I’ve built an MCP server that lets AI agents use Hackage. The MCP server is entirely written in Haskell.
It lets LLMs:
perform Hoogle searches.
List package modules
Scrape module documentation in LLM-friendly Markdown.
Why this tool?
I’ve often seen premium coding agents using outdated functions or not being aware of the latest packages. This MCP lets LLMs access the latest Haskell documentation.
I don’t get why you’d query upstream hoogle anyway, for a local package dev you get a lot better result just using local dependencies. You’d also get access to private dependencies.
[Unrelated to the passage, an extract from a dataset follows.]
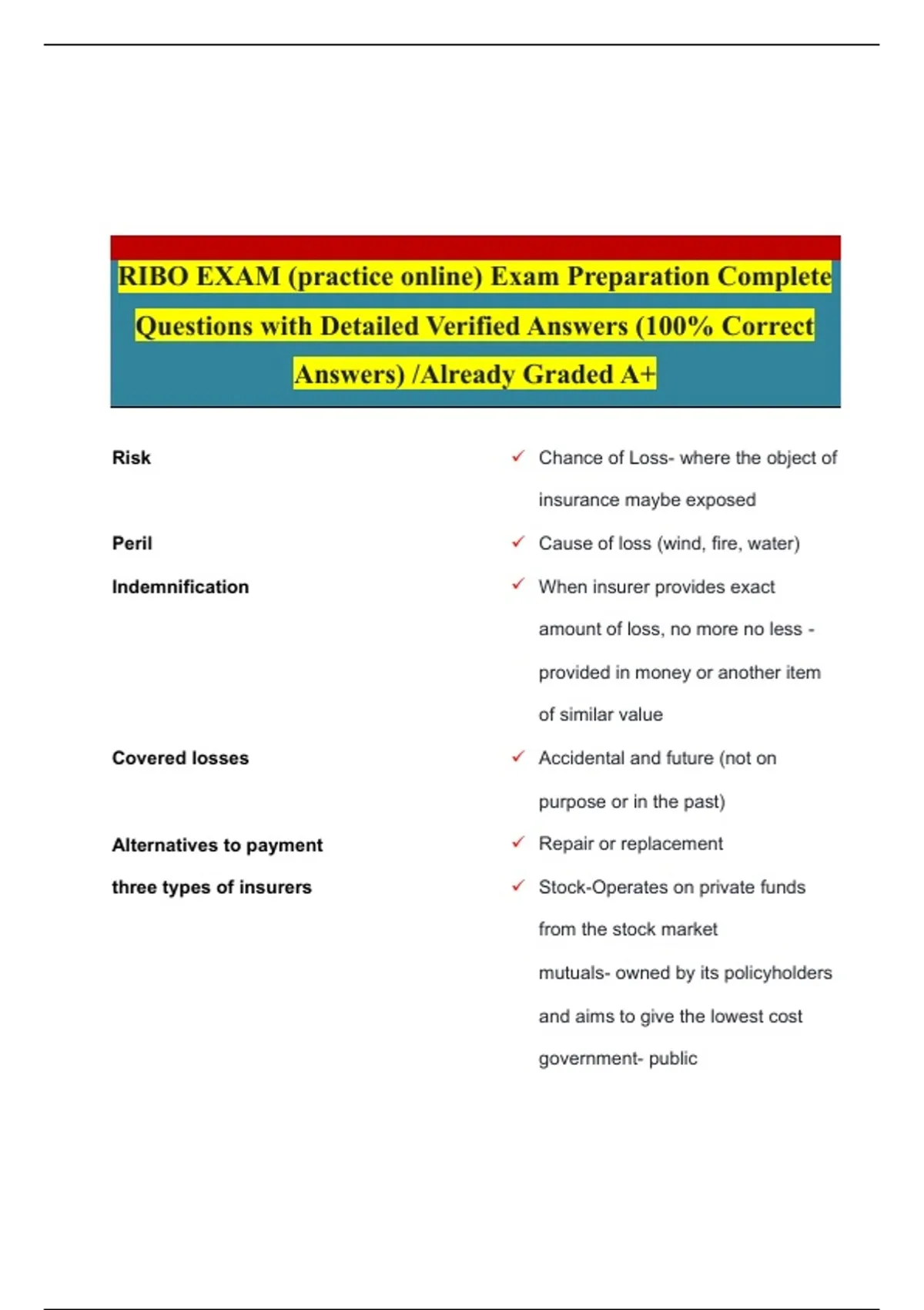 Indemnification ✓ When insurer provides exact

Although you’d have to built the index, which takes time.
I didn’t do haddocks, that’s a different problem.
Hmm, I wasn’t aware this existed otherwise I’d probably just repair this project.
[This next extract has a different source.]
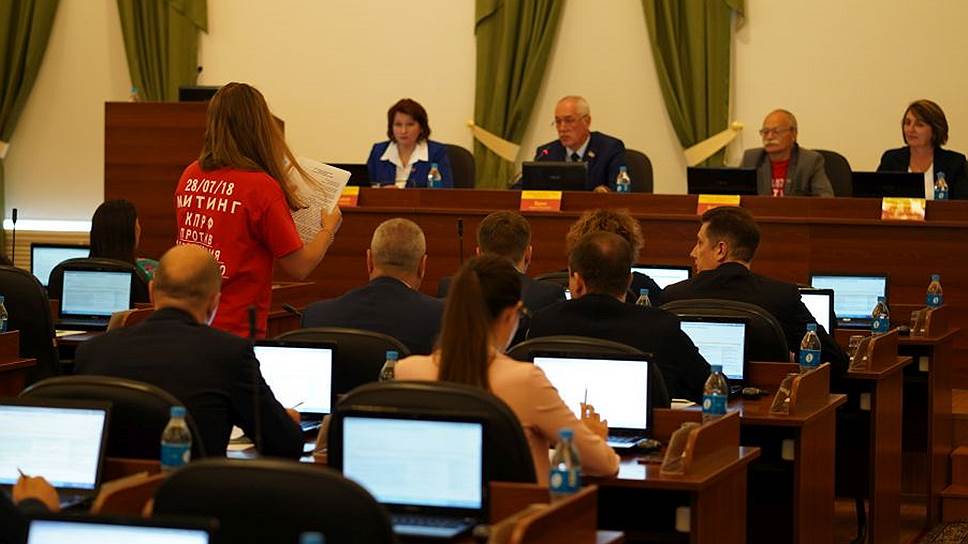 10 июля заксобрание Приморского края на внеочередном заседании поддержало правительственный законопроект о повышении пенсионного возраста. «За» проголосовал 21 депутат, против 8 (9 законодателей отсутствовали). О проведении внеочередного заседания депутатам сообщили накануне вечером, само оно проходило в закрытом для прессы режиме, не велась и традиционная трансляция сессии на сайте заксобрания. На заседании присутствовал врио губернатора Андрей Тарасенко, призвавший депутатов поддержать законопроект. «Мы голосовали, исходя из соображений партийной дисциплины. Федеральное руководство партии и глава края свою позицию озвучили, мы ее поддержали»,— объяснил “Ъ” позицию коллег по фракции единоросс Геннадий Лазарев.

idk if @tusharad is interested in using a local hoogle instead, I’d be happy to archive my version and submit local support to their version?
My opinion is that the right thing is to start an ecosystem project that uses LLMs sustainably and responsibly:
keep blocking all the scrapers and bots
train our own open weight model on haskell and hackage
make sure it isn’t optimized for “engagement” (optimally, an LLM for search would be able to recognize when you’re in “mindless prompting” mode and tell you to go read the docs of package XY)
optimize it for search and small code snippets (“how do I do XY?”)
give LICENSE warnings/summaries on non-trivial codesnippets
It’s kinda hard to use LLMs in a way that actually enables learning, but maybe someone has to try.
A local-only package index wouldn’t be able to suggest functions from packages you don’t currently have installed, right? That seems significantly limiting.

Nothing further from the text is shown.